Control of Khartoum may have changed hands, but Sudan’s nightmare is far from over

In late March the Sudan Armed Forces (SAF) claimed a significant victory. After months of fighting, the army declared that it had seized full control of the Sudanese capital Khartoum from the Rapid Support Forces (RSF) militia.

Visiting the presidential palace for the first time since conflict broke out between the two forces almost two years ago, the leader of the SAF Abdel Fattah al-Burhan said, ‘Khartoum is free, it’s done.’

Some residents of the city may have even breathed a small sigh of relief. While both the RSF and SAF stand accused of the gravest of international crimes, it is generally accepted that conditions are marginally better in areas under SAF rule, perhaps because it is the party to the conflict that currently occupies Sudan’s seat in international arenas.

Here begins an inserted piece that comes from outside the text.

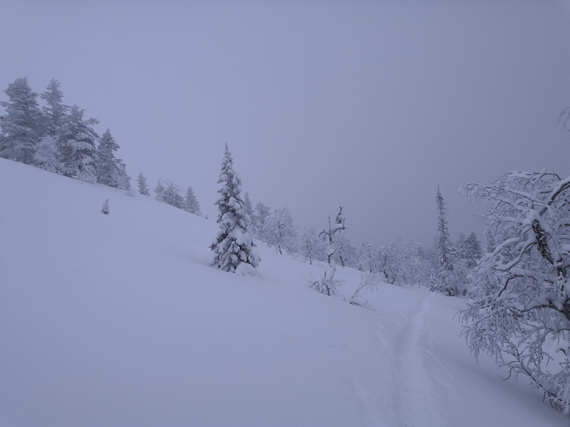 Nyt kun reissu oli todella lyhyt (kaksi yötä, kolme päivää), niin päätin käyttää keskimmäisen päivän Kesängin kiertoon. Päätöstä vahvisti vielä se, että Ylläksen hissit olivat kovan tuulen ja pyryn takia suurimmaksi osaksi kiinni. Metsässä ei myräkkä tuntunut ja lähdin kiertämään Kesänkiä myötäpäivään metsärajan alapuoella liikuskellen. Muutaman kerran käväisin vähän ylempänä, mutta tuuli ja tuisku ajoivat nopeasti takaisin metsän suojaan.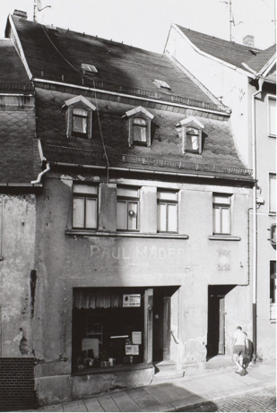 Das Mäder Haus mit dem großen Schaufenster steht in der Reihe links neben der Löwenapotheke. Rechts noch einmal einzeln. Später befand sich da eine Altstoffannahme. Ein entsprechendes Foto haben wir finden können. Vielleicht gibt es weitere Informationen über die Uhrmacher Mäder, die uns hier weiterhelfen können. Für jeden noch so kleinen Hinweis sind wir dankbar.

But the country’s nightmare is far from over.

On 26 March RSF soldiers were seen leaving the capital; however, fighting has intensified in other cities. On 30 March the RSF attacked the Sudan Church of Christ building in Dar Elsalam Ombada, in Sudan’s second city, Omdurman. Before looting the church, they physically attacked, harassed and intimidated those in the building, and one of the church elders was hit with the back of a gun.

As in Khartoum and in Gezira State, which it essentially lost to the SAF in January, the RSF stands accused of committing severe atrocities in Darfur, including sexual and gender-based violence and the intentional targeting of the ethnic Masalit and other non-Arab communities.

The RSF has focused much of its military operations on taking El Fasher, the capital of North Darfur State, which has been under siege since April 2024. In December, the UN Office of the High Commissioner for Human Rights (OHCHR) reported that at least 782 civilians had been killed and over 1,100 had been injured in the ongoing siege, and that there were no guarantees of safe passage out of the city. Most recently, in April reports emerged of the killing of more than 200 civilians in a wave of attacks on displacement camps, including the murders of medical staff and humanitarian workers in the last remaining clinic in Zamzam displacement camp.

The militia also appears to have no intention of leaving Khartoum, or indeed any part of Sudan, to the SAF. Speaking in an audio message shared on Telegram shortly after the RSF’s retreat from the capital, its leader Mohamed Hamdan Dagalo, known as ‘Hemedti’, claimed that the withdrawal was a ‘collective’ and ‘tactical’ decision made by the RSF leadership, pledging to return to Khartoum ‘stronger, more powerful and victorious’ and declaring the RSF had ‘neither agreement nor discussion with [the SAF] – only the language of arms’.

Meanwhile, highly concerning and credible reports have emerged of widespread extrajudicial executions of civilians in Khartoum following the SAF takeover, with UN High Commissioner for Human Rights Volker Türk alleging that those killed were targeted on suspicion of collaborating with the RSF.

Such reports are consistent with others that have emerged throughout the course of the conflict. Both the RSF and SAF view anyone who comes from an area under their opponents’ control as a potential collaborator, in some cases extracting confessions under torture to support this, or simply resolving any doubt or discussion by execution.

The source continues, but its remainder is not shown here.